» Dataset excerpts:
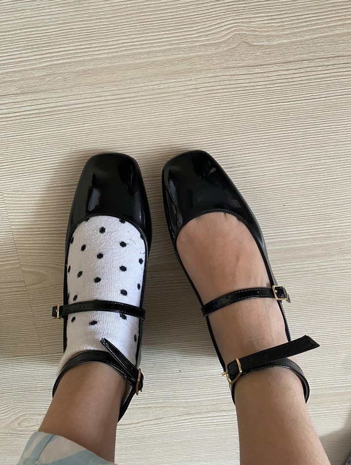 Siyah parlak yüzeyli, tokalı kayışlara sahip blok topuklu kadın babetleri, günlük kullanıma uygun trend goth tarzında. Sadece bi kere giyildi.
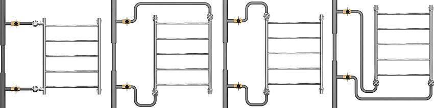 Схема подключения сушителя полотенец предусматривает его установку на трубе обратного потока горячего водоснабжения. Горячая вода постоянно должна находиться в движении, в противном случае она будет застаиваться в стояках и охлаждаться. Следствием такого застаивания является холодная вода, которая течет даже при включении крана с горячей водой. Лишь после спуска остывшей воды начинается поступление теплой воды.
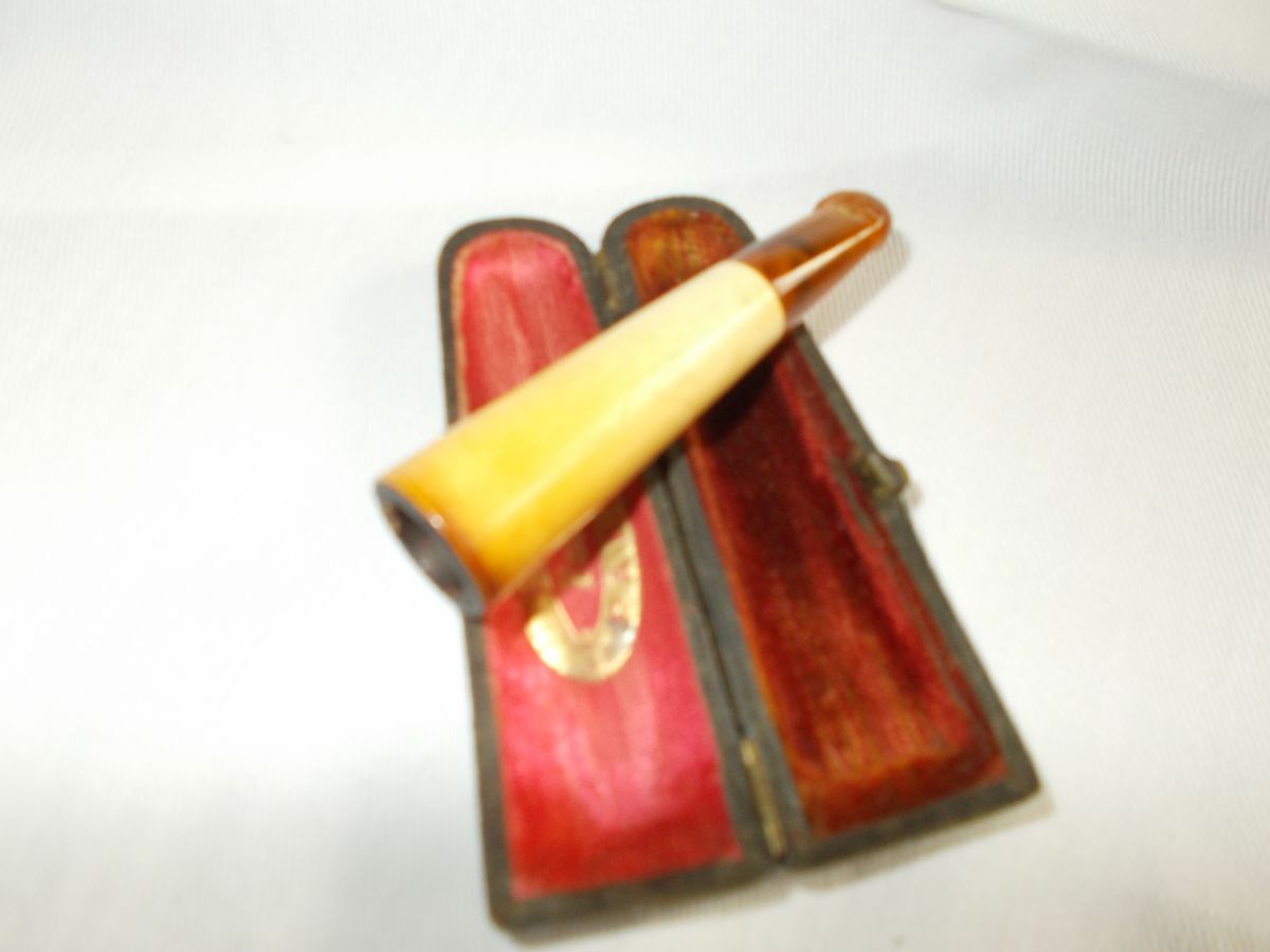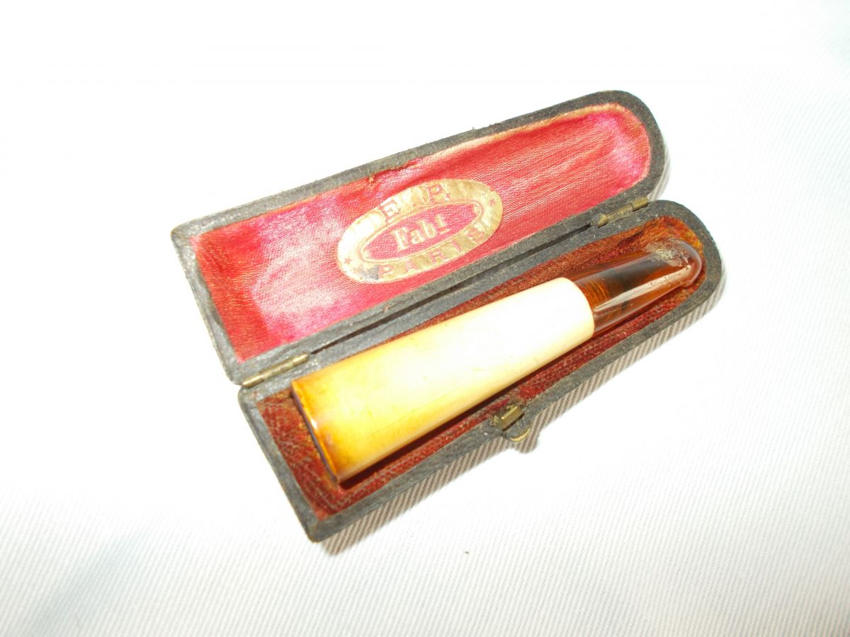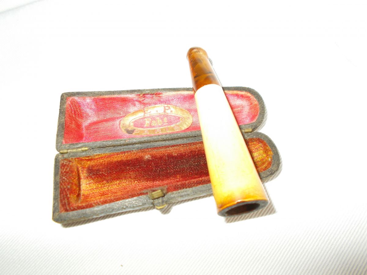 Ancien fume cigarette en ecume de mer et ambre- etui d origine. 5 cm--.Bon état
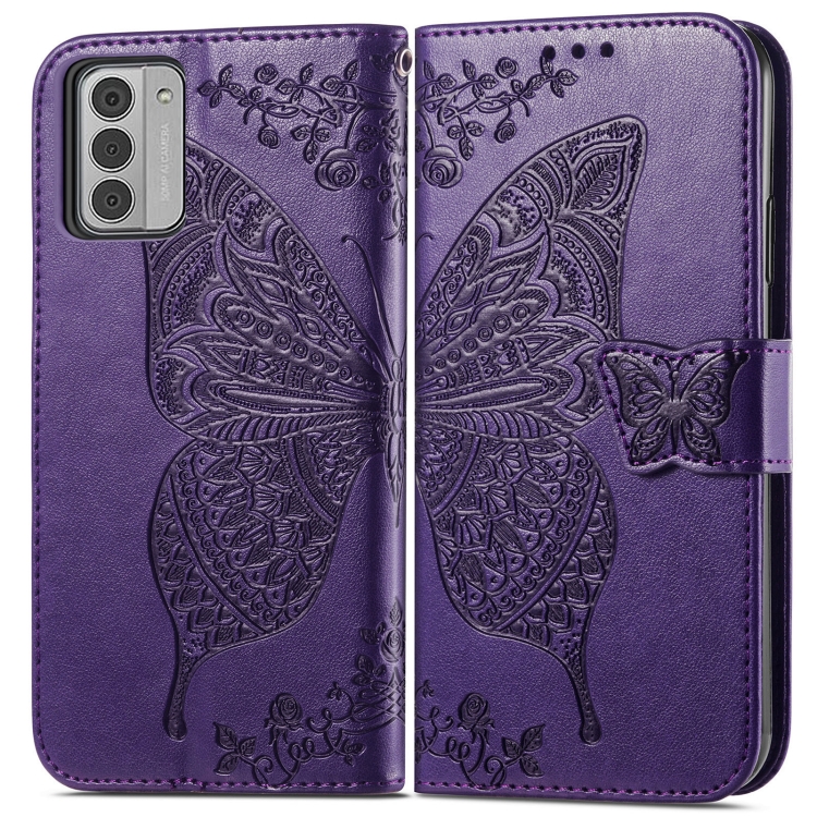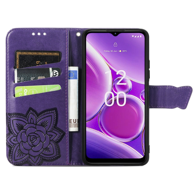 Funda de Cuero Nokia G42 Butterfly Love Flower en Relieve (Púrpura)
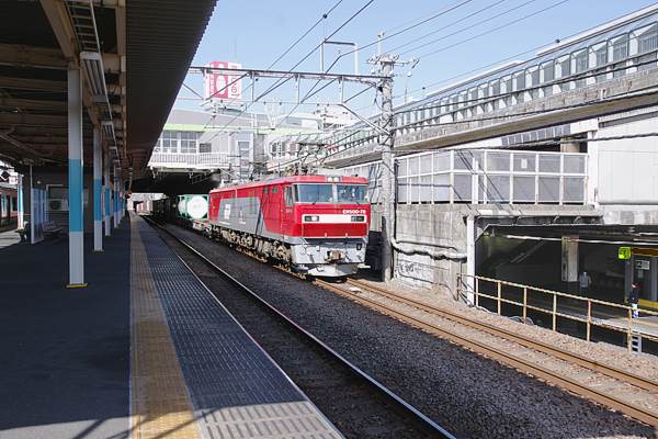 トンネルを出て下り貨物線を通過するEH500 78号機。アッシみたいに写り込みなんて 気にしなきゃ、武蔵野線旅客用ホームにいりゃ、上り列車も駅撮り出来ちゃいます。 でも、写ってる旅客列車用到着ホームに列車停車中に貨物レが、接近通過しちゃうと 2019-2
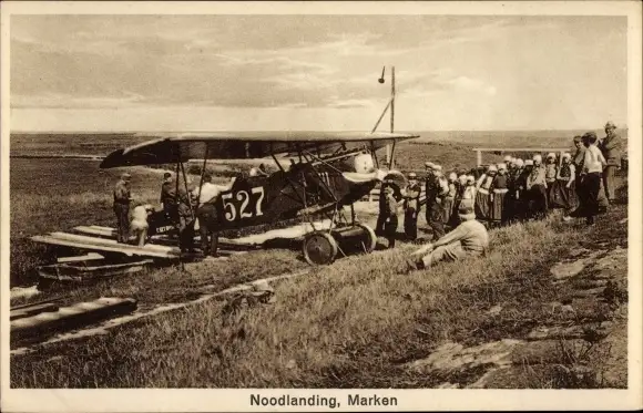Ak Marken Nordholland, Noodlanding, Notlandung auf einer Wiese, Flugzeug

» Your task: Retype the data exactly as it stands, but keep the images out of your copy.

» Solution for this exercise:
 Siyah parlak yüzeyli, tokalı kayışlara sahip blok topuklu kadın babetleri, günlük kullanıma uygun trend goth tarzında. Sadece bi kere giyildi.
 Схема подключения сушителя полотенец предусматривает его установку на трубе обратного потока горячего водоснабжения. Горячая вода постоянно должна находиться в движении, в противном случае она будет застаиваться в стояках и охлаждаться. Следствием такого застаивания является холодная вода, которая течет даже при включении крана с горячей водой. Лишь после спуска остывшей воды начинается поступление теплой воды.
 Ancien fume cigarette en ecume de mer et ambre- etui d origine. 5 cm--.Bon état
 Funda de Cuero Nokia G42 Butterfly Love Flower en Relieve (Púrpura)
 トンネルを出て下り貨物線を通過するEH500 78号機。アッシみたいに写り込みなんて 気にしなきゃ、武蔵野線旅客用ホームにいりゃ、上り列車も駅撮り出来ちゃいます。 でも、写ってる旅客列車用到着ホームに列車停車中に貨物レが、接近通過しちゃうと 2019-2
Ak Marken Nordholland, Noodlanding, Notlandung auf einer Wiese, Flugzeug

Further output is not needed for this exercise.